> What the task requires: Below are the entries. Print only the lines starting at the one with "4月19日,全国台湾同胞投资" and ending at the one with "iPadOS hace que", exactly, with no pictures.

> Input for this task:

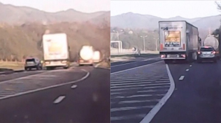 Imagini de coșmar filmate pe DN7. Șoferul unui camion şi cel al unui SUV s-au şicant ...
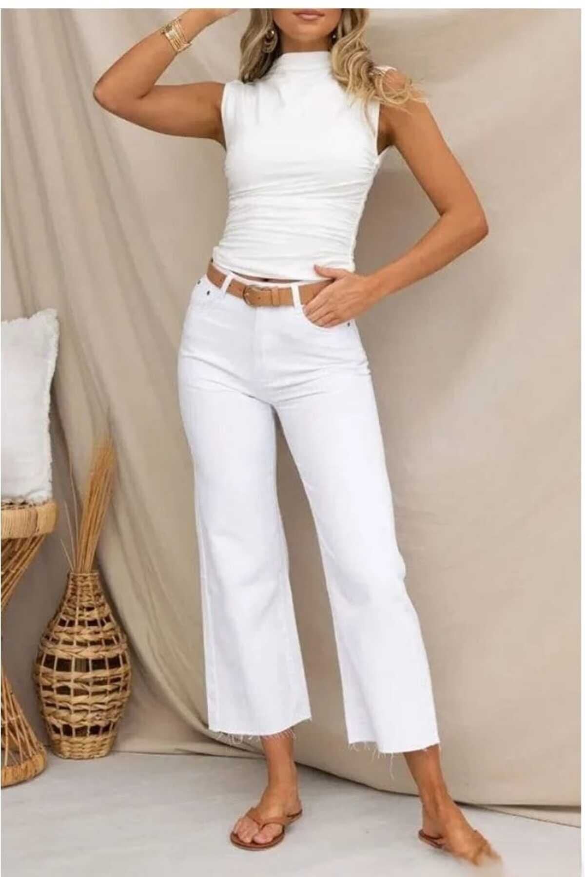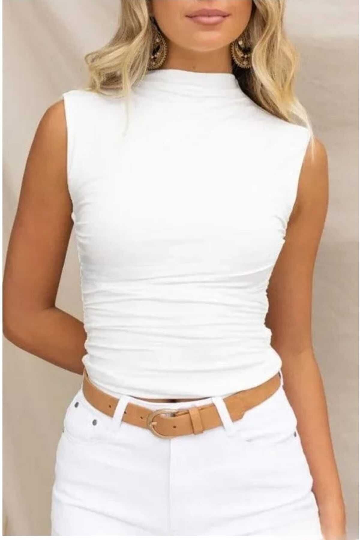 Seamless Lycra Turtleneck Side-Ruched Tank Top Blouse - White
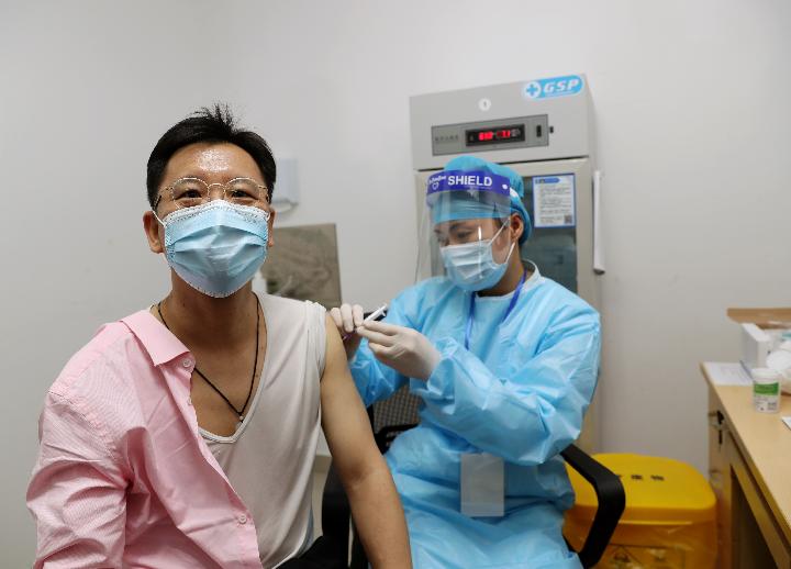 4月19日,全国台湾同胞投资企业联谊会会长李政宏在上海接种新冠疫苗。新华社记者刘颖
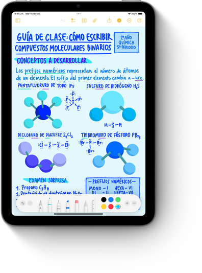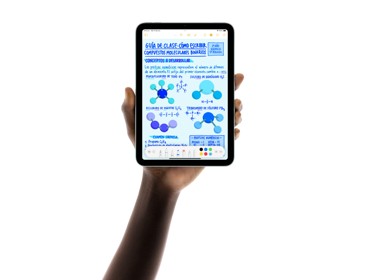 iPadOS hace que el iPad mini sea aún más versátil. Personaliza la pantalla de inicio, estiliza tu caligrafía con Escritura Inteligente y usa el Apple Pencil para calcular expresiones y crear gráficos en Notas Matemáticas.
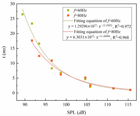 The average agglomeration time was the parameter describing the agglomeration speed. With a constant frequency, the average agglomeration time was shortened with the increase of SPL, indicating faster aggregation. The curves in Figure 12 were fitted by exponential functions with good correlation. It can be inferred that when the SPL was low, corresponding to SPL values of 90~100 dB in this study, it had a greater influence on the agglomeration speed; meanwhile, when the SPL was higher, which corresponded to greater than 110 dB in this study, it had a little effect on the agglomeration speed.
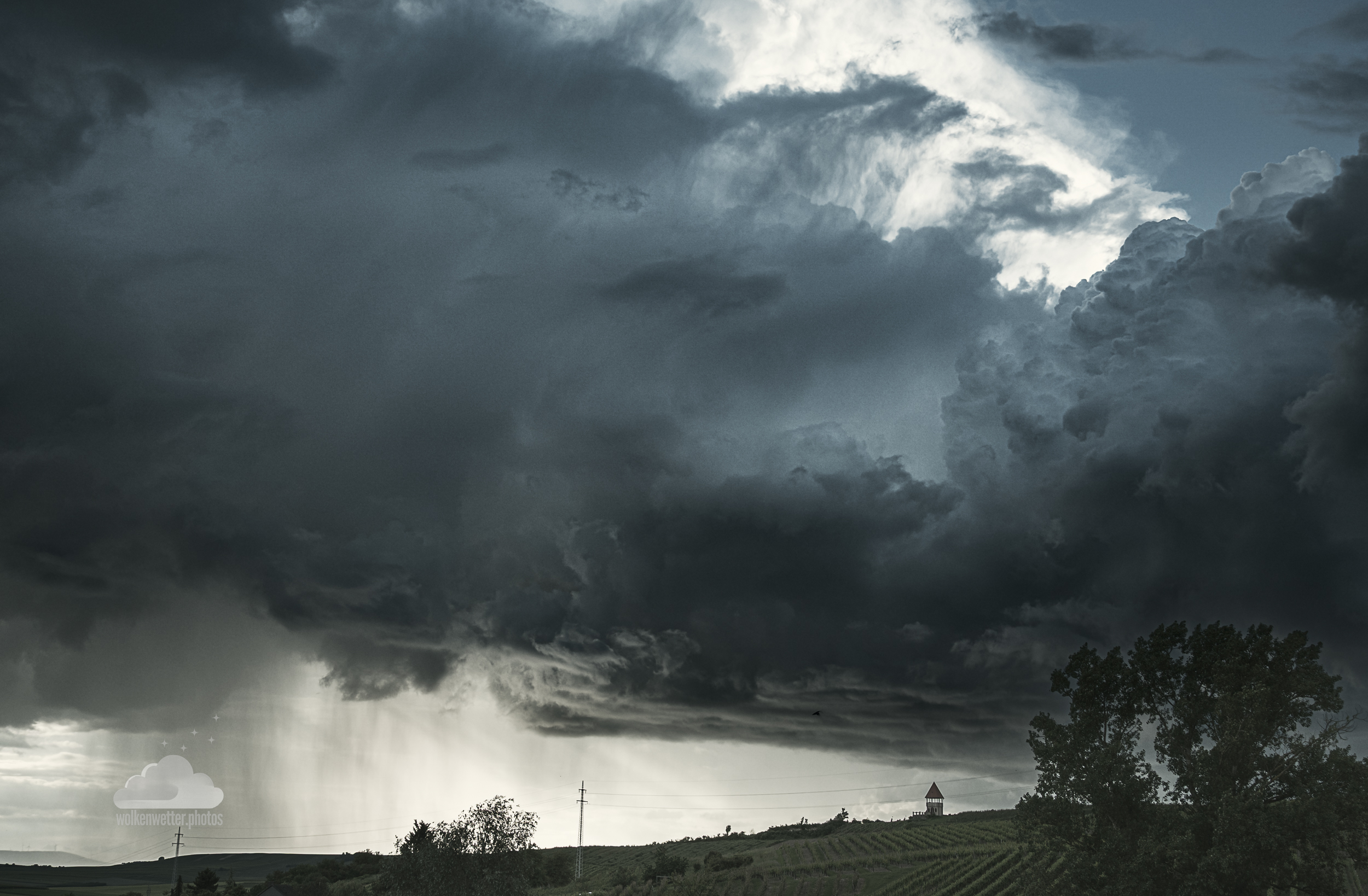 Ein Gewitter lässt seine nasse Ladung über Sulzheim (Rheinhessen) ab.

> Solution for this exercise:
 4月19日,全国台湾同胞投资企业联谊会会长李政宏在上海接种新冠疫苗。新华社记者刘颖
 iPadOS hace que el iPad mini sea aún más versátil. Personaliza la pantalla de inicio, estiliza tu caligrafía con Escritura Inteligente y usa el Apple Pencil para calcular expresiones y crear gráficos en Notas Matemáticas.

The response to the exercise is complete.